--- EXERCISE DATA Enclosed Below ---
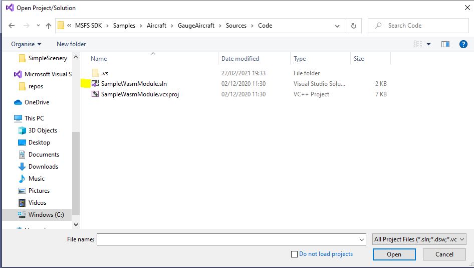 C:\MSFS SDK\Samples\Aircraft\GaugeAircraft\Sources\Code\SampleWasmModule.sln
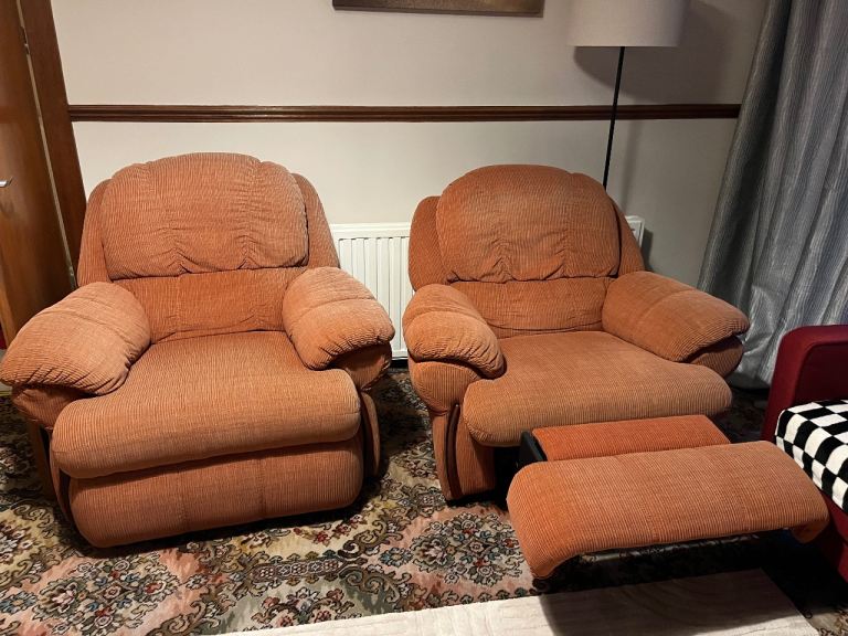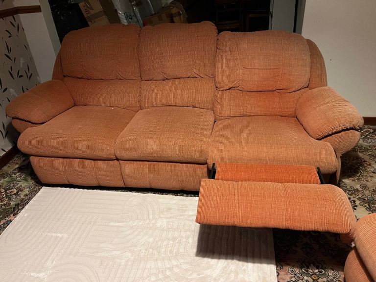 Terracotta 3 seater couch with recliner & 2 arm chairs one reclining comfortable to sit on collection only
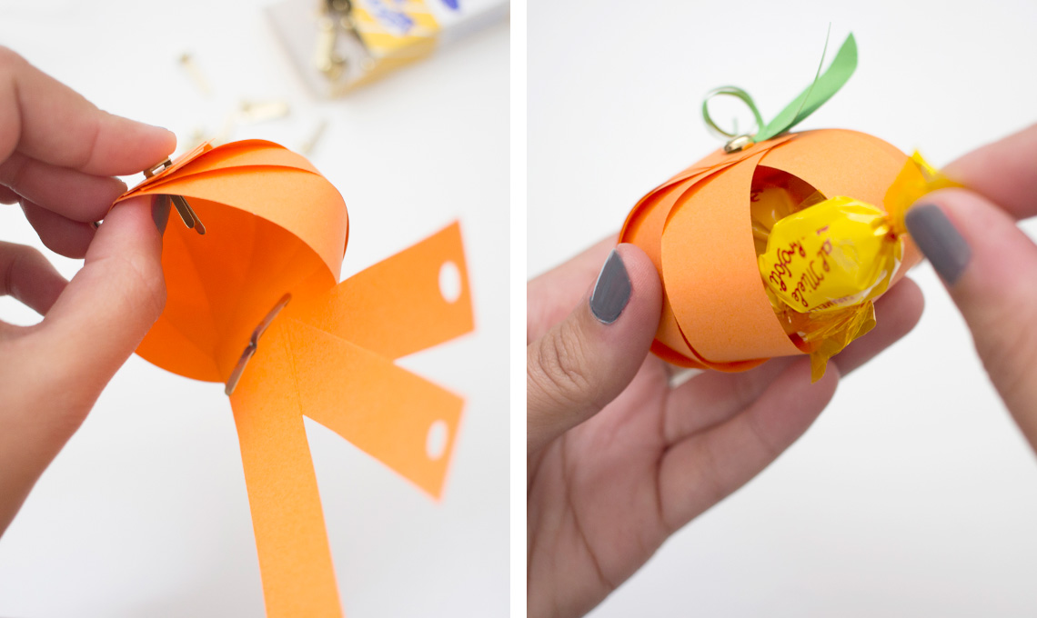 - Inserisci un nuovo fermacampione nel secondo foro delle strisce di carta. Curva le strisce e separale una dall’altra per formare il classico aspetto della zucca
--- End of Enclosed EXERCISE DATA ---
PROBLEM DESCRIPTION: Every line of the data above is to be repeated exactly; the images are to be left out.

WRITTEN SOLUTION:
 C:\MSFS SDK\Samples\Aircraft\GaugeAircraft\Sources\Code\SampleWasmModule.sln
 Terracotta 3 seater couch with recliner & 2 arm chairs one reclining comfortable to sit on collection only
 - Inserisci un nuovo fermacampione nel secondo foro delle strisce di carta. Curva le strisce e separale una dall’altra per formare il classico aspetto della zucca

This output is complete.